How bad could the MTA data be? The answer is that it was surprisingly not that bad. We found three different sorts of issues when digging into the data.
Negative entries or exits: Sometimes the entries in a time period went negative. There’s clearly something wrong with this. This was a relatively small portion of turnstiles. We ended up just removing these ~90 turnstiles completely as there were over 4900 reliable turnstiles.
Huge numbers of entries: One reading gave over 30 million people going through a single turnstile in 4 hours. This is clearly a very busy turnstile, with over 2083 people moving through this turnstile per second.
RECOVR AUD: Sometimes we would get both a regular reading and an audit for a turnstile. This was even rarer than getting a negative for the entries or exits, so we did not worry about this in our analysis.

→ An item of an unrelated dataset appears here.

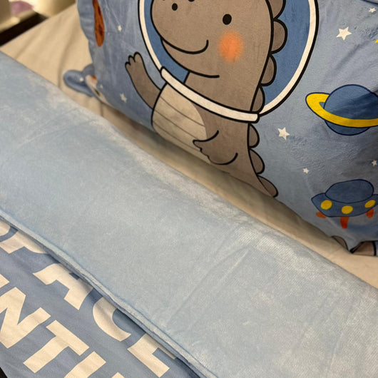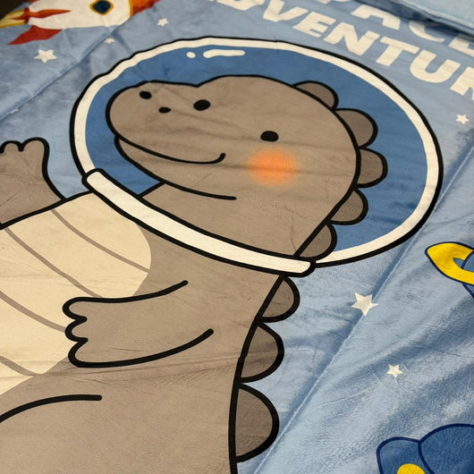 Featuring a cheerful dinosaur in space design, it sparks imagination while keeping your child warm.
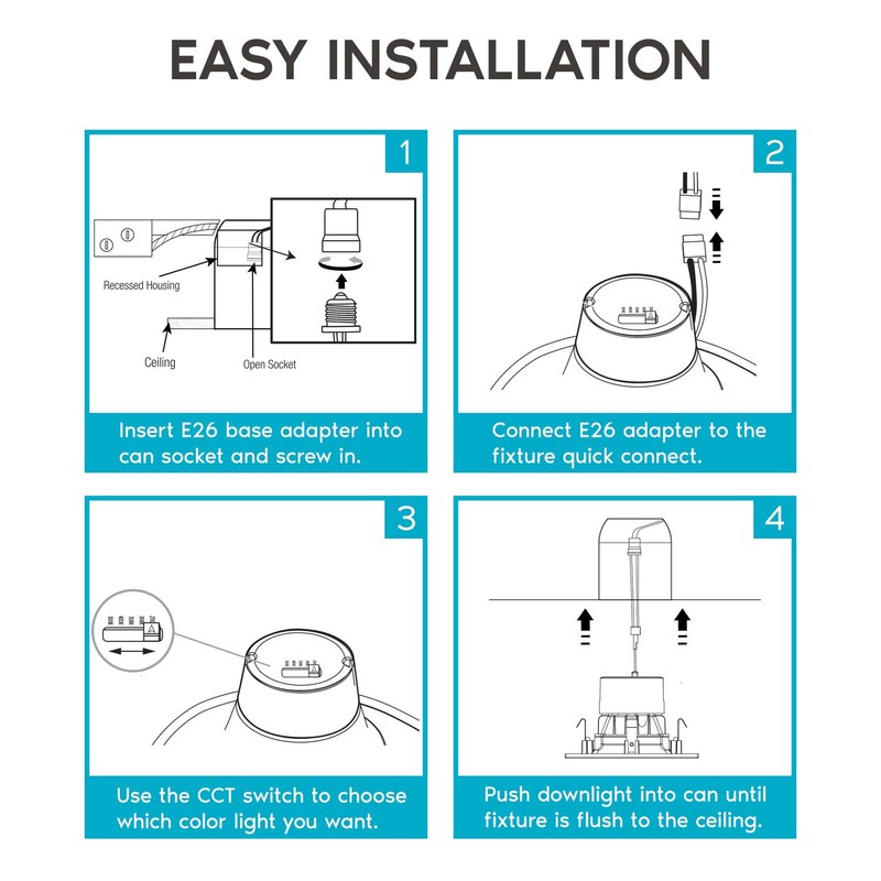 - 5 COLOR OPTIONS - Not sure what square recessed lighting color temperature you are looking for in your home? Each 4 inch dimmable LED downlight has a simple to use switch on the back that can change your lights to 2700K warm white, 3000K soft white, 3500K natural white, 4000K cool white, or 5000K bright white. Your home ceiling can lights will be adjustable through 5 color temperatures until you find the perfect light to select for your space.

How does one measure busyness?
One interesting take away from watching the three other presentations by the other groups in the cohort was that each group had a slightly different proposal. Some groups focused on the stations with the most entries total, others on entries across different timeframes. My group decided that we wanted to find those stations that on average had the busiest peak hours. That is, we first added up each station across different days, while keeping time of day separate. Then we found the busiest time of day for each station, and averaged that across the weekdays. Why the weekdays? It turns out that on average the MTA is around twice as busy on weekdays compared to weekends. Let’s now look at a pretty plot! This one is one that I made to place in our presentation.
Conclusion
This week was busy but fun. In another post I may say more about myself and my background, but suffice it to say that working with my group and being around my cohort is a good bit more fun than being a PhD student suffering through finishing my thesis. Peace.